A Radial Basis Function (RBF) is a real-valued mathematical function whose value depends only on the distance from the origin (the radius) or from some other fixed point (the center). In machine learning, RBFs are most commonly used as the kernel function within a Support Vector Machine (SVM) classifier or as the Activation Function in the hidden layer of a specific type of neural network called a Radial Basis Function Network (RBFN).
Context: Relation to LLMs and Search
While RBFs are not directly used in the architecture of modern Large Language Models (LLMs) (which rely on the Transformer Architecture and simpler activation functions like ReLU), they are highly relevant in the early and high-dimensional space of Vector Embeddings where Vector Search takes place, making them an important concept in Generative Engine Optimization (GEO).
- Kernel Methods in Classification: The RBF kernel (often called the Gaussian kernel) allows algorithms like SVMs to perform non-linear classification by implicitly mapping the input features (e.g., the numerical representations of text) into a much higher-dimensional space where they become linearly separable. Although the RBF kernel predates LLMs, it demonstrates the conceptual necessity of creating non-linear decision boundaries around high-dimensional vectors.

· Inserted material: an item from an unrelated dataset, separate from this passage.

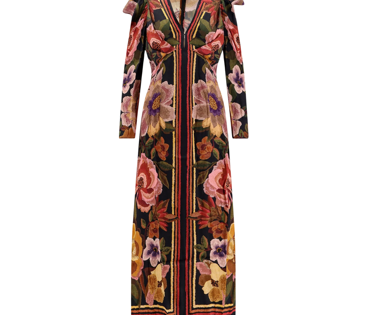 Introducing Farm Rio's Chenille Flowers Black Midi Dress, a long-sleeve maxi-length dress in floral motif print. The Chenille dress features a V-neckline and full-length sleeves with a ruffle detail on the shoulder. Perfect for a day to evening outing.

- Similarity and Distance: RBFs are fundamentally distance-based. In Semantic Search, the search process is essentially a query for the closest documents in the Vector Space. The RBF function provides a way to score this proximity: the closer the query vector is to a document vector, the higher the resulting RBF value (or score), which correlates with high Relevance.
The Mechanics: Gaussian RBF Kernel
The most common RBF used in machine learning is the Gaussian RBF, which looks like a smooth, bell-shaped curve when plotted in one dimension.
The function is defined as:
$$\phi(\mathbf{x}, \mathbf{c}) = e^{-\gamma ||\mathbf{x} – \mathbf{c}||^2}$$
Where:
- $\mathbf{x}$ is the input vector (e.g., a document’s Vector Embedding).
- $\mathbf{c}$ is the center of the function (e.g., the query vector).
- $||\mathbf{x} – \mathbf{c}||^2$ is the squared Euclidean distance between the two vectors.
- $\gamma$ (gamma) is a hyperparameter that controls the influence of each vector; a small $\gamma$ means the vectors must be very far apart for the output to drop.
RBF Networks (RBFNs)
RBF Networks are a class of shallow neural networks with three layers: an input layer, a hidden layer using RBFs as activation functions, and a linear output layer. Each RBF neuron in the hidden layer acts as a local expert, responding strongly only when an input is close to its center. This contrasts with traditional deep networks where every neuron influences the entire input space.
Related Terms
- Support Vector Machine (SVM): A classical machine learning model that frequently uses the RBF as its kernel.
- Vector Embedding: The high-dimensional input features that distance-based functions, like the RBF, operate on.
- Activation Function: The non-linear function that determines the output of a neuron, which in an RBFN is a radial function.